Supreme Court of Georgia
Nov 18, 1981
248 Ga. 629 (Ga. 1981)




Murder. Monroe Superior Court. Before Judge Crumbley.

Ham, Mills Freeman, W. Franklin Freeman, Jr., for appellant.

E. Byron Smith, District Attorney, W. Hal Craig, Assistant District Attorney, Michael J. Bowers, Attorney General, Virginia H. Jeffries, Assistant Attorney General, for appellee.

This appeal is from a conviction for murder in the Superior Court of Monroe County. The appellant was tried on June 13, 1981, and the jury returned a verdict of guilty on June 16, 1981. As the state did not seek the death penalty, a sentence of life imprisonment was imposed.

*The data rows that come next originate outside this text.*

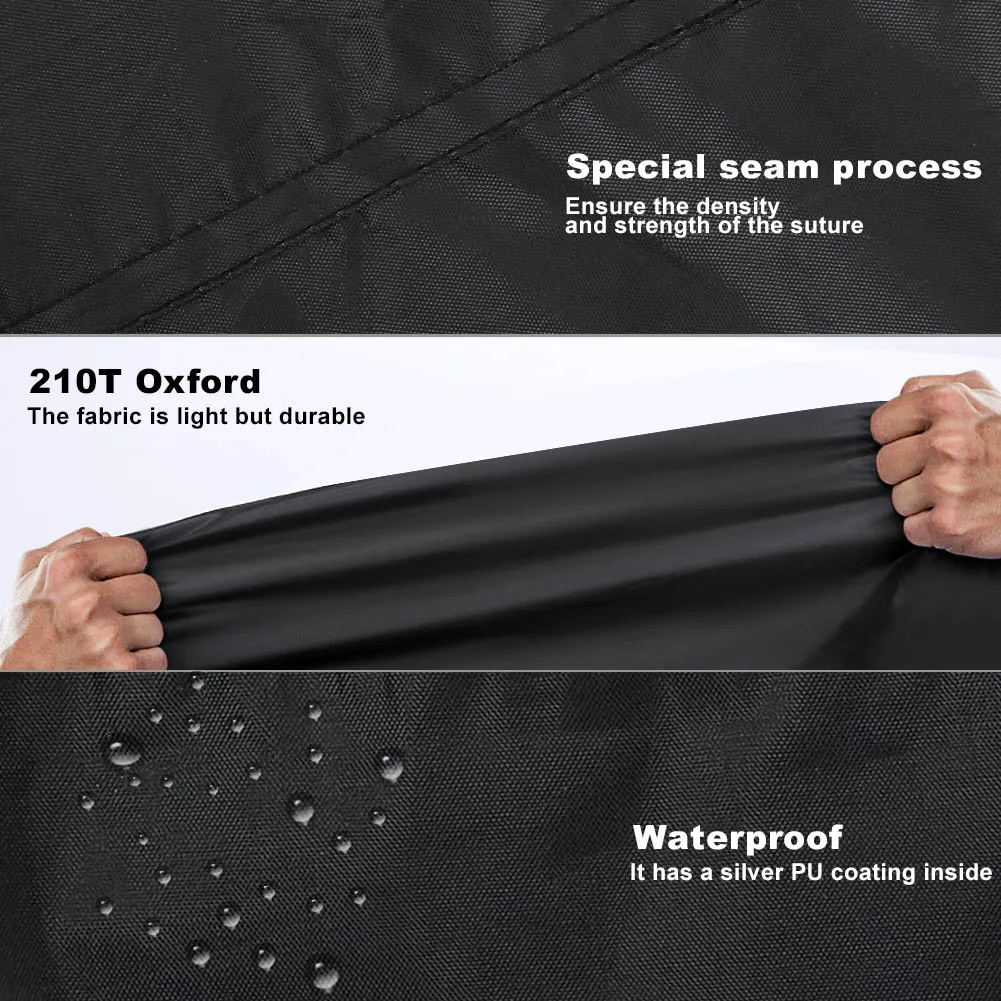 The Toptrek bicycle cover is made of high quality 210T Oxford fabric. This fabric is light but strong and durable. The inside is coated with PU silver coating, which can effectively prevent water and ultraviolet rays. Work with the special double stitch sewing technology to ensure high density and high strength of the needle thread. It is not easy to tear, also can effectively prevent water from entering.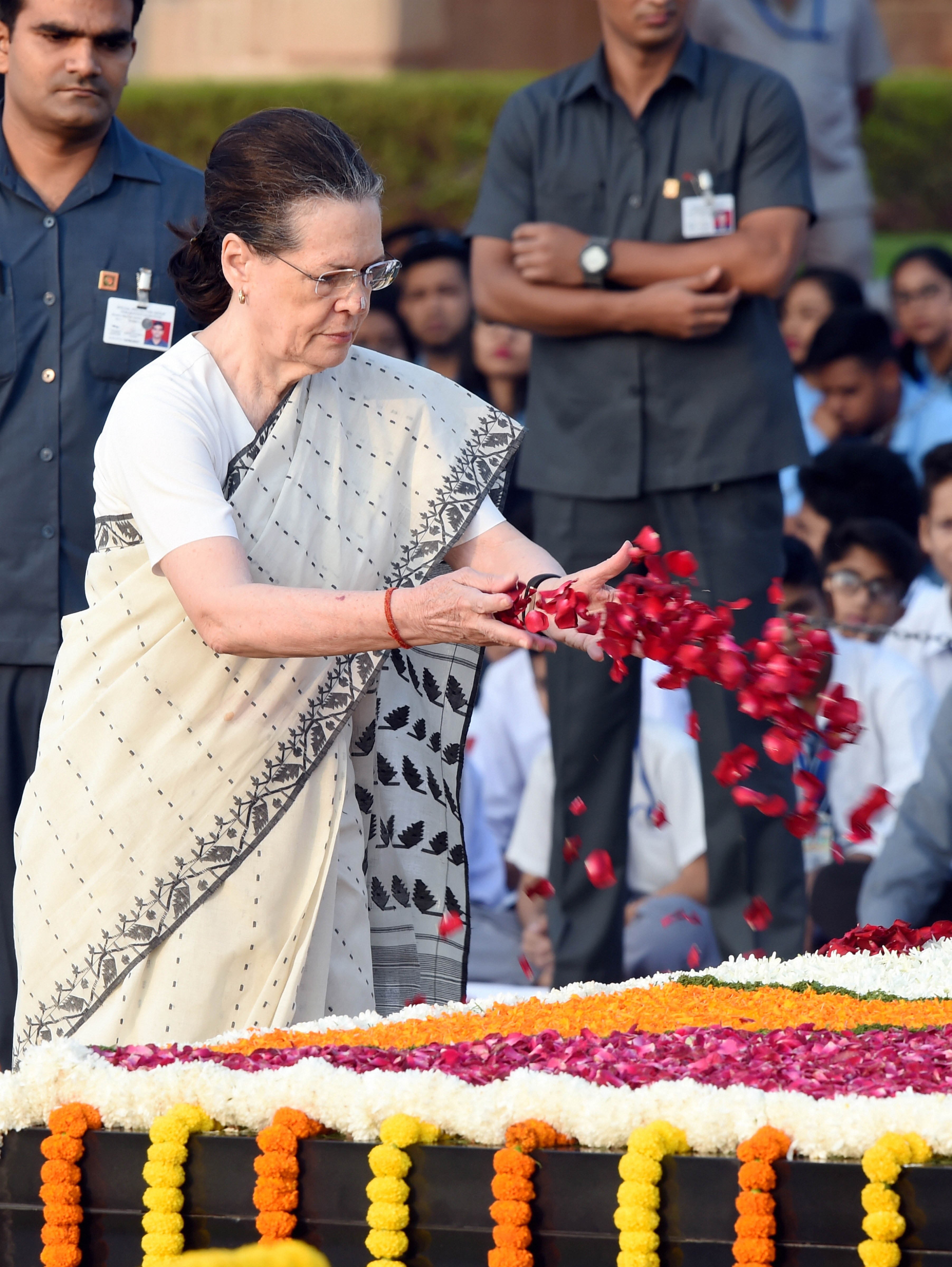 Congress president Sonia Gandhi, former Prime Minister Manmohan Singh, BJP veteran L K Advani, Union ministers Piyush Goyal and Hardeep Singh Puri, and BJP working president J P Nadda were among those who paid floral tributes to the father of the nation.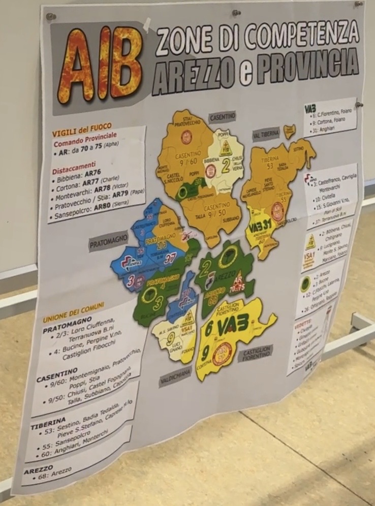 La lotta attiva agli incendi boschivi in Toscana è coordinata dalla Sala Operativa Unificata Permanente (SOUP) e dai sei Centri Operativi Provinciali (COP) AIB. Per la provincia di Arezzo, dal 2016, il COP ha sede presso l’Unione dei Comuni del Pratomagno.
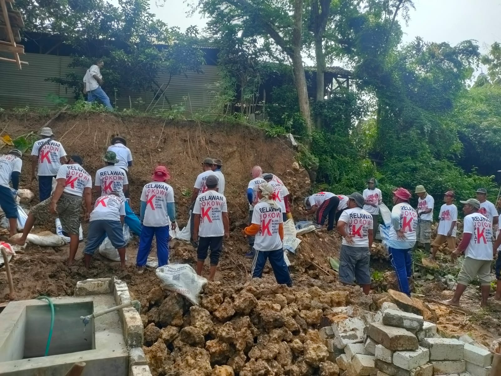 Karena dampak tanah longsor tersebut yang menimpa rumah warga dan pada pukul 8.00 wib pro relawan jokowi berjumlah 60 orang dengan kompak berbaur bahu membahu meratakan dan membuat tanggul.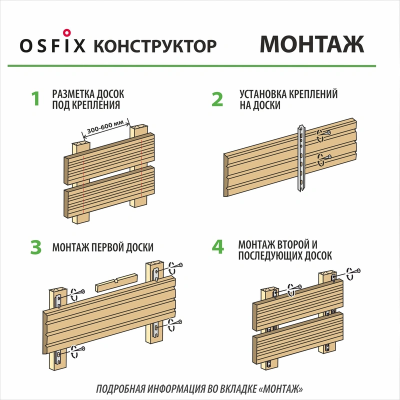 Установите вторую доску с креплением OSFIX Конструктор так, чтобы нижняя часть крепежа на монтируемой доске заходила в зазор между направляющей и первой доской. Доведите монтируемую доску до дистанцира. Закрепите саморезами с верхней стороны крепления OSFIX Конструктор. Аналогичным образом монтируйте все последующие доски.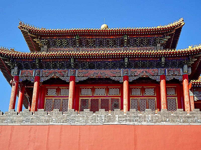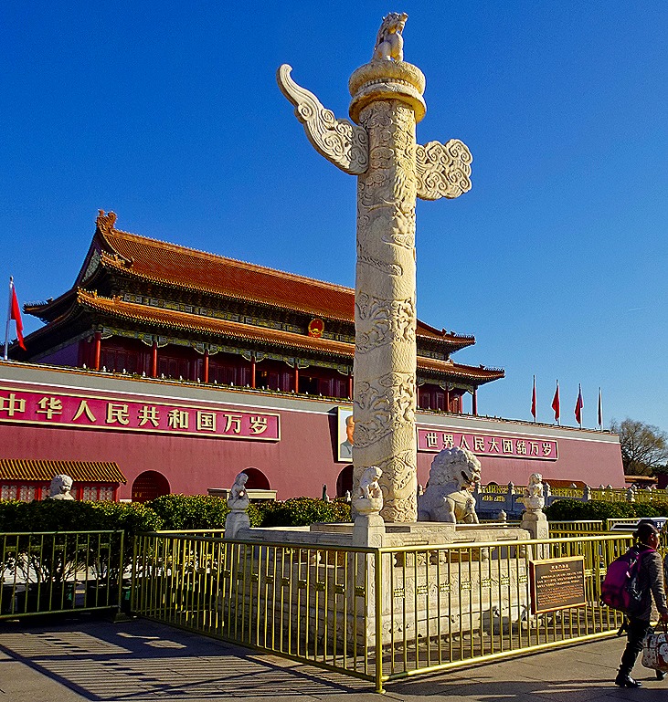 Most people reading this will probably associate this square with the violent suppression of student democracy protests in 1989, in which it is estimated that hundreds (some say thousands) were killed. In China no one speaks of this in public and most Chinese are not even aware that it happened. It is our understanding that the only public entrance to the Forbidden City requires walking across this huge square to the entrance below the painting of Chairman Mao. So that is what we did. Walking along we passed the Monument to the People’s Heroes, a 125 foot tall obelisk completed in 1958 and saw the National Museum of China behind it on the eastern side of the square. The museum, first opened in 1959, is the largest single museum building in the world. It has a vast and varied collection and it looks like one easily could spend a day or two just exploring this museum. We did not have that kind of time, so walked on by. In the center of the square just south of the Monument is Chairman Mao Memorial Hall, the mausoleum that is his final resting place. It was completed on May 24, 1977, about 8 months after Mao’s death.

The appellant, Oscar Owens, his brother John Owens, the victim, and John's two daughters lived together on the Owens' family homestead on Flint Road in Monroe County. Their brother, Ples Owens, Jr., lived approximately one quarter mile across a field from the family's house.

The incident resulting in the charge against the appellant occurred on November 29, 1980. That morning Ples Owens held a hog killing on the farm. The three brothers, John, Ples, and Oscar, along with some friends and neighbors, arrived at different times during the morning to help. All of the witnesses testified that there were no arguments during the day.

At approximately 1:00 p. m. the appellant took a serving of meat up to the house. A few minutes later, the appellant came out of the house carrying a shotgun. At the time, John Owens was standing with his back to the appellant, between Womble and Douglas at the hog-cutting table. Witnesses testified that the appellant raised the gun, aimed it in John Owen's direction, and fired once, hitting John in the back at the neck and killing him.

The appellant made no attempt to escape and was waiting at the scene when the law enforcement officials arrived.

The appellant was arrested, and at the jail he gave a taped statement to Chief Deputy Jack Pitts of the Monroe Sheriff's Department. In this statement, the appellant said such things as: "We had a little land and ... he (John, the victim) kept on wantin to take it"; and, "Yeah, I meant to shoot him"; however, the appellant also stated: "I didn't mean to kill him"; and "I was shootin as a warnin." This statement was played for the jury during the trial, and upon request by the jury, and over defense counsel's objection, the jury was allowed to take the tape into the jury room during deliberations.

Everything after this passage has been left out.